With the Fed starting their tightening cycle and reducing balance sheet, mortgage rates have begun rising. Since late summer, 30-year conforming rates have risen more than 100bp, with 75bp of that occurring since the end of December. The recent flight-to-quality rally has temporarily eased that, but the overall trend remains in place for higher mortgage rates.
With this pivot, mortgage investors have switched from focusing on prepayment protection to mitigating extension risk.
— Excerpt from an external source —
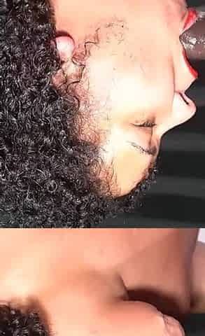 Black Slut with Colored Hair Sucks a Real Big Black Cock
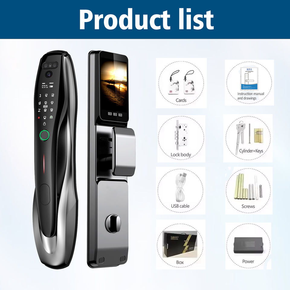 Serrure Intelligente Numérique à Empreinte Digitale, Verrou de Porte Électrique Intelligent, Couleur Noire

In this post, we offer analysis on extension risk and turnover speeds for various out-of-the-money Fannie and Freddie cohorts.[1]
In the chart below, we first focus on out-of-the-money prepays on lower loan balance loans. For this analysis, we analyzed speeds on loans that were 24 to 48 months seasoned. We further grouped the loan balance stories into meta-groups, as the traditional groupings of “85k-Max”, etc, showed little difference in out-of-the-money speeds. When compared to loans with balances above 250k, speeds on lower loan balance loans were a scant 1-2 CPR faster than borrowers with larger loan balances, when prevailing rates were 25bp to 100bp higher than the borrower’s note rate.
We next compare borrowers in low FICO pools, high LTV pools, and 100% investor pools. Speeds on low-FICO pools (blue) offer some extension protection due to higher involuntary speeds. At the other end, loans in 100% investor pools were dramatically slower than non-spec pools when out-of-the money.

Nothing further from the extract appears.